■ WHAT YOU NEED TO DO ■
For the data below, restate word for word only the lines from the line containing "メイン会場のリフノスには10,000人のお客様が" through the line containing "Στην ιστορία μας", both ends included.
== Segment start ==
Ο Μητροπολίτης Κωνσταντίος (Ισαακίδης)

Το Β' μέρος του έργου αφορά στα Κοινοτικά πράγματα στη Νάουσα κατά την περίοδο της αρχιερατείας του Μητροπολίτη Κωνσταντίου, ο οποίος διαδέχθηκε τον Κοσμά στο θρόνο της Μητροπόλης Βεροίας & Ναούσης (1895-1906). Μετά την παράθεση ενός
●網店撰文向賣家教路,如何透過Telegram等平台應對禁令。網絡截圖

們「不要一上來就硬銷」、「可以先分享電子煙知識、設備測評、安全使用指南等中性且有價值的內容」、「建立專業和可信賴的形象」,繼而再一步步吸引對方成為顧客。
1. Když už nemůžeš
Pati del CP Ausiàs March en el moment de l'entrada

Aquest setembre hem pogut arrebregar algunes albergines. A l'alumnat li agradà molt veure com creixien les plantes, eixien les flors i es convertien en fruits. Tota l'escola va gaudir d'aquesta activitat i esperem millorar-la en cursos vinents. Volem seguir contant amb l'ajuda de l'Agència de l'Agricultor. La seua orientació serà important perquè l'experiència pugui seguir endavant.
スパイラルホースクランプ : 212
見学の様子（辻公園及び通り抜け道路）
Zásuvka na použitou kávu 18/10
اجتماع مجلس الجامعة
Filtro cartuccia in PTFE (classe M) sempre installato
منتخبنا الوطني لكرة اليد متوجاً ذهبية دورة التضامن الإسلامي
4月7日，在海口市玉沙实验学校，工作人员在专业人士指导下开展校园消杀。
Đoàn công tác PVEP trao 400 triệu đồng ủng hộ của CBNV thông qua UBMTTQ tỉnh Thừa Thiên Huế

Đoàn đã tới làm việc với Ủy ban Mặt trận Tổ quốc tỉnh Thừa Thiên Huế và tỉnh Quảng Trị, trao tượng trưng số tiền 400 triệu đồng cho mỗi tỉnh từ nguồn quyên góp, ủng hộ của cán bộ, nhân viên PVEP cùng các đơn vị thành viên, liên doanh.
== Segment end ==
== Segment start ==
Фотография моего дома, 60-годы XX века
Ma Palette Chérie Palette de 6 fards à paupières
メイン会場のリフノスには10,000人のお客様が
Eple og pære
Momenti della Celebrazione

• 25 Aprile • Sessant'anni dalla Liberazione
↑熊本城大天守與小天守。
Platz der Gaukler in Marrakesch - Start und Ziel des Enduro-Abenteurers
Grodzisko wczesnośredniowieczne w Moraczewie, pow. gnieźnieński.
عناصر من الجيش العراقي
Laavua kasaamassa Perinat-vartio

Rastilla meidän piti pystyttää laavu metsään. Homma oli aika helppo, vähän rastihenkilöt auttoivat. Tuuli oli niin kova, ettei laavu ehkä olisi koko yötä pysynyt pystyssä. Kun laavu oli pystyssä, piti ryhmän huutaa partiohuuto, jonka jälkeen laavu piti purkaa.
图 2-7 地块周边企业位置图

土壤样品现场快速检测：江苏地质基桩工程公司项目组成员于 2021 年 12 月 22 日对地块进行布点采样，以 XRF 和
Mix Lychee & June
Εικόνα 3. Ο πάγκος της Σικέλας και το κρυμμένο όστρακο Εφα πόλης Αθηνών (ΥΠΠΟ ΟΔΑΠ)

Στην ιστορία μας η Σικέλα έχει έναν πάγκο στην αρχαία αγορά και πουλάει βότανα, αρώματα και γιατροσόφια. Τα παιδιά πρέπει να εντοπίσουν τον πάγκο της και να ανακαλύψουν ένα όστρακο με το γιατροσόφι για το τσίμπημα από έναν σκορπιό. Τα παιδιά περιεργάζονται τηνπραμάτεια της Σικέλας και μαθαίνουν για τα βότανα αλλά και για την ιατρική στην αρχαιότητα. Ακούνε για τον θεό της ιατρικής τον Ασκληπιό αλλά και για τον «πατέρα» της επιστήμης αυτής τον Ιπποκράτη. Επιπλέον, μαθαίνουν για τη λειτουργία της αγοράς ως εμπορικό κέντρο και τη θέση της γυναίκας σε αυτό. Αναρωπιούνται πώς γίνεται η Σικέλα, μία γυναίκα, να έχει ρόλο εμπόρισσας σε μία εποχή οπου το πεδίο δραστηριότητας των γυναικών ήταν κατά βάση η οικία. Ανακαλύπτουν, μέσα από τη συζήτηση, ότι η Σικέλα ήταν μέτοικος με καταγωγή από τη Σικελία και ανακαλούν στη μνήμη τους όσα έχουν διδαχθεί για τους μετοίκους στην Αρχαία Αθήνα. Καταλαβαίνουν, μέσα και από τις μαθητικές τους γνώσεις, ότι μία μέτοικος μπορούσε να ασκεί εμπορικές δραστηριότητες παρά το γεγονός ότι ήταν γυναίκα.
== Segment end ==
■ RESULT BELOW ■
メイン会場のリフノスには10,000人のお客様が
Eple og pære
Momenti della Celebrazione

• 25 Aprile • Sessant'anni dalla Liberazione
↑熊本城大天守與小天守。
Platz der Gaukler in Marrakesch - Start und Ziel des Enduro-Abenteurers
Grodzisko wczesnośredniowieczne w Moraczewie, pow. gnieźnieński.
عناصر من الجيش العراقي
Laavua kasaamassa Perinat-vartio

Rastilla meidän piti pystyttää laavu metsään. Homma oli aika helppo, vähän rastihenkilöt auttoivat. Tuuli oli niin kova, ettei laavu ehkä olisi koko yötä pysynyt pystyssä. Kun laavu oli pystyssä, piti ryhmän huutaa partiohuuto, jonka jälkeen laavu piti purkaa.
图 2-7 地块周边企业位置图

土壤样品现场快速检测：江苏地质基桩工程公司项目组成员于 2021 年 12 月 22 日对地块进行布点采样，以 XRF 和
Mix Lychee & June
Εικόνα 3. Ο πάγκος της Σικέλας και το κρυμμένο όστρακο Εφα πόλης Αθηνών (ΥΠΠΟ ΟΔΑΠ)

Στην ιστορία μας η Σικέλα έχει έναν πάγκο στην αρχαία αγορά και πουλάει βότανα, αρώματα και γιατροσόφια. Τα παιδιά πρέπει να εντοπίσουν τον πάγκο της και να ανακαλύψουν ένα όστρακο με το γιατροσόφι για το τσίμπημα από έναν σκορπιό. Τα παιδιά περιεργάζονται τηνπραμάτεια της Σικέλας και μαθαίνουν για τα βότανα αλλά και για την ιατρική στην αρχαιότητα. Ακούνε για τον θεό της ιατρικής τον Ασκληπιό αλλά και για τον «πατέρα» της επιστήμης αυτής τον Ιπποκράτη. Επιπλέον, μαθαίνουν για τη λειτουργία της αγοράς ως εμπορικό κέντρο και τη θέση της γυναίκας σε αυτό. Αναρωπιούνται πώς γίνεται η Σικέλα, μία γυναίκα, να έχει ρόλο εμπόρισσας σε μία εποχή οπου το πεδίο δραστηριότητας των γυναικών ήταν κατά βάση η οικία. Ανακαλύπτουν, μέσα από τη συζήτηση, ότι η Σικέλα ήταν μέτοικος με καταγωγή από τη Σικελία και ανακαλούν στη μνήμη τους όσα έχουν διδαχθεί για τους μετοίκους στην Αρχαία Αθήνα. Καταλαβαίνουν, μέσα και από τις μαθητικές τους γνώσεις, ότι μία μέτοικος μπορούσε να ασκεί εμπορικές δραστηριότητες παρά το γεγονός ότι ήταν γυναίκα.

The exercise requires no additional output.